Wie genau ist eine Online-Immobilienbewertung wirklich?



Kurz gesagt

  • Eine Online-Immobilienbewertung rechnet mit einem statistischen Modell. Sie schätzt, was Liegenschaften mit ähnlichen Merkmalen gekostet haben. Über Ihre eigene sagt das noch wenig.
  • Eine belastbare Genauigkeitsangabe haben wir nirgends gefunden. Wo im Netz eine Prozentzahl steht, stammt sie meist vom Anbieter selbst. Wir nennen deshalb keine.
  • Entscheidend ist, womit ein Modell rechnet: mit Angebotspreisen oder mit tatsächlich registrierten Handänderungen. Der Kanton Zürich stützt seine eigene Statistik ausdrücklich auf die beim Grundbuchamt registrierten Preise.
  • Im Zürcher Oberland und im Glattal wird die Datenlage schnell dünn. Für manche Gemeinden weist der Kanton Zürich überhaupt keinen Medianpreis aus.
  • Betrachten Sie den Onlinewert als Ausgangspunkt für das Gespräch und nicht als Angebotspreis.

Sie haben Ihre Eckdaten eingegeben, ein paar Klicks später steht eine Zahl auf dem Bildschirm. Und dann? Danach kommt fast immer dieselbe Frage: Wie genau ist eine Online-Immobilienbewertung eigentlich? Oft, weil die Zahl entweder verdächtig hoch oder enttäuschend tief ausgefallen ist. Beides ist ein guter Grund, genauer hinzuschauen.

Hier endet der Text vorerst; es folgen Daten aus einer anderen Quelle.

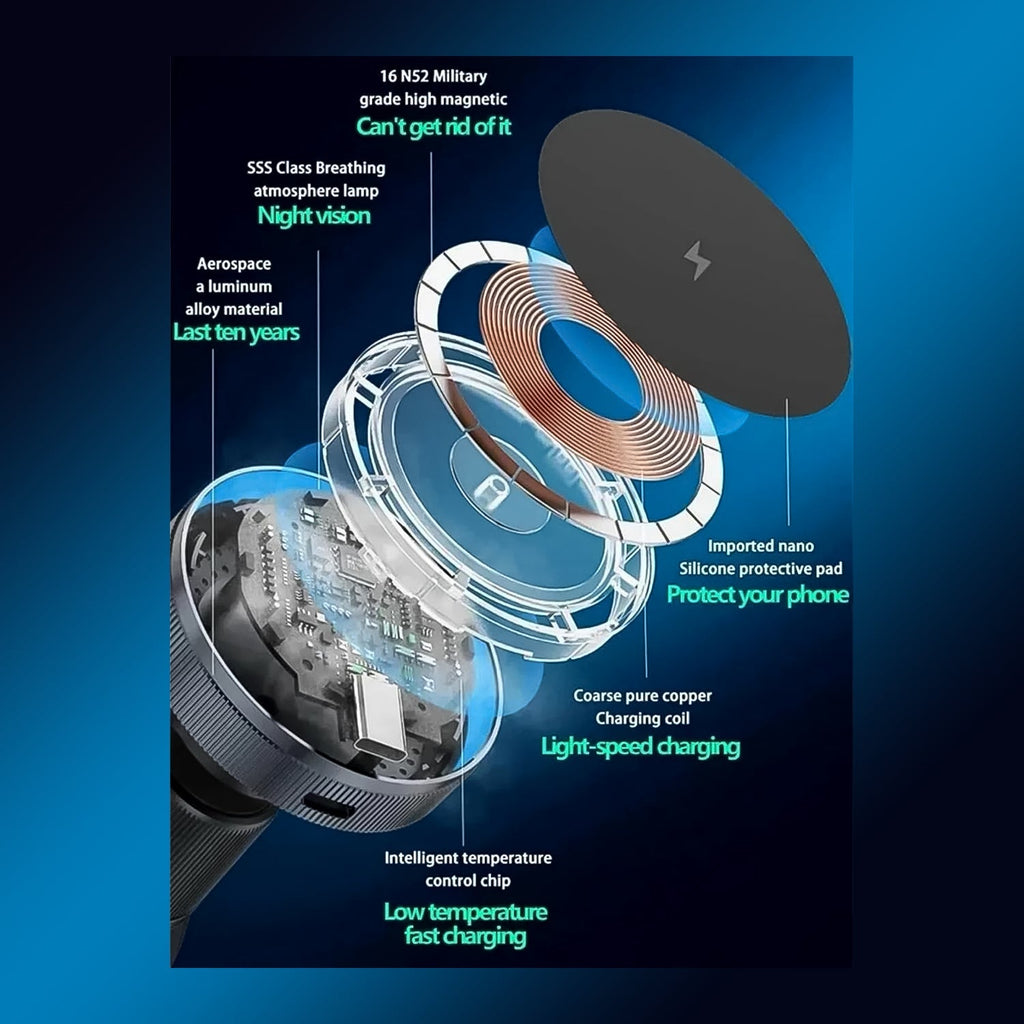 • Music Reactive Lighting with the for Magnetic Phone Mount Wireless Charger. As you drive, the atmospheric lighting responds to the rhythm and beats of your music. This creates a vibrant and dynamic visual experience, transforming your car into a moving light show. This inspiring feature makes the not just a car cell phone holder or a car charger for iPhone, but a unique gadget that adds a touch of fun and excitement to your car journeys.

Dieser Beitrag erklärt, was so ein Rechner tut und wo er strukturell blind bleibt. Und was es im Kanton Zürich braucht, damit aus der Zahl ein Preis wird, mit dem sich arbeiten lässt.

Was ein Onlinerechner tatsächlich berechnet

Ein Onlinerechner schaut sich Ihre Liegenschaft nicht an. Er nimmt die Angaben, die Sie eintippen (Gemeinde, Objektart, Wohnfläche, Baujahr, vielleicht die Zimmerzahl), und gleicht sie mit einem Bestand an Verkäufen ab. Aus diesem Abgleich schätzt ein statistisches Modell, was ein Merkmal jeweils zum Preis beiträgt. Dass eine Liegenschaft an einer bestimmten Lage steht, hat einen Wert. Dass sie zwanzig Quadratmeter mehr Nettowohnfläche hat, ebenfalls. Das Modell addiert diese geschätzten Beiträge und gibt Ihnen die Summe aus.

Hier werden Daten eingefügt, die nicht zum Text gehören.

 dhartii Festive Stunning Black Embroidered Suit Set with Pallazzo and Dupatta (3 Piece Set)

Die Methode ist anerkannt. Auch das Bundesamt für Statistik arbeitet so: Der Schweizerische Wohnimmobilienpreisindex wird seit 2020 quartalsweise auf der Basis von rund 7000 Immobilienkäufen aus allen Regionen der Schweiz berechnet, und für die Qualitätsbereinigung schätzt das BFS für jedes Schlüsselmerkmal einer Immobilie einen Wert.

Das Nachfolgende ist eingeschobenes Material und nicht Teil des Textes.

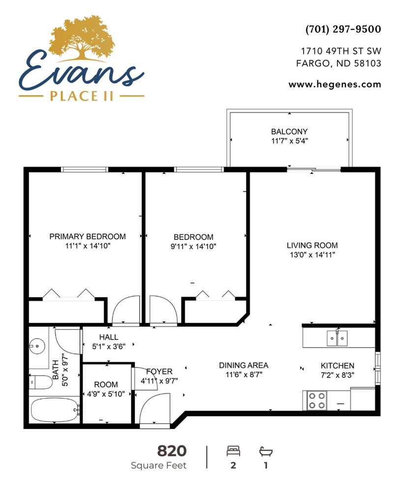 Modelo de apartamento: 1710 - 2 Bed 1 Bath Corner Unit2 Dormitorios, 1 Baño, 820 sq ftDisponible December 1, 2025PlanosFotos![]()

Nur: Das BFS gibt am Ende einen Index heraus. Eine Kennzahl für die Preisentwicklung im Land. Es gibt keinen Wert für eine einzelne Liegenschaft aus, und es würde das auch nie behaupten. Ein Onlinerechner tut genau das trotzdem. Er nimmt dasselbe Werkzeug und presst daraus eine Zahl für Ihr Haus an Ihrer Strasse.

Wie weit dieser Sprung trägt, hängt davon ab, wie gewöhnlich Ihre Liegenschaft ist. Bei einem Reihenhaus im Neubaugebiet ziemlich weit, bei einem umgebauten Bauernhaus am Hang kaum.

Wie genau ist eine Online-Immobilienbewertung?

Eine Online-Immobilienbewertung ist eine Modellrechnung. Sie vergleicht Ihre Eckdaten mit Verkäufen ähnlicher Liegenschaften und schätzt daraus einen Betrag. Wie nah er trifft, hängt an der Datengrundlage, an der Zahl vergleichbarer Verkäufe in Ihrer Gemeinde und daran, wie gewöhnlich Ihre Liegenschaft ist. Eine allgemein gültige Genauigkeitsangabe ist uns nicht bekannt, auch nicht für den Kanton Zürich.

Warum Ihnen niemand eine seriöse Prozentzahl nennt

Sie finden im Netz Prozentzahlen. Wir haben ein halbes Dutzend Anbieter- und Portalseiten nebeneinandergelegt, und das Ergebnis war ernüchternd: Die genannten Spannen liegen weit auseinander, dazu kommen Genauigkeitsangaben in Prozent und behauptete Abweichungen zwischen den Plattformen. Keine einzige dieser Seiten nennt Stichprobe, Zeitraum oder Streuung. Jede dieser Zahlen liess sich auf den Anbieter des jeweiligen Tools zurückführen und beschreibt dessen eigenes Produkt. Eine unabhängige Schweizer Erhebung, die die Frage einmal sauber beantwortet hätte, haben wir bis heute nicht gefunden.

Woran müsste man das überhaupt messen? An etwas, das keine dieser Seiten liefert. Man nimmt die Schätzung, die ein Modell vor dem Verkauf ausgegeben hat, hält sie gegen den Preis, der später im Grundbuch registriert wurde, und zwar über eine grosse Zahl von Fällen. Und man braucht die Streuung der Abweichungen. Der blosse Durchschnitt genügt nicht, sonst heben sich zu hohe und zu tiefe Schätzungen gegenseitig auf, und das Ergebnis sieht besser aus, als es ist. Solange eine Angabe das nicht offenlegt, sagt sie wenig. Deshalb finden Sie auch in diesem Beitrag keine Zahl; wir müssten sie erfinden.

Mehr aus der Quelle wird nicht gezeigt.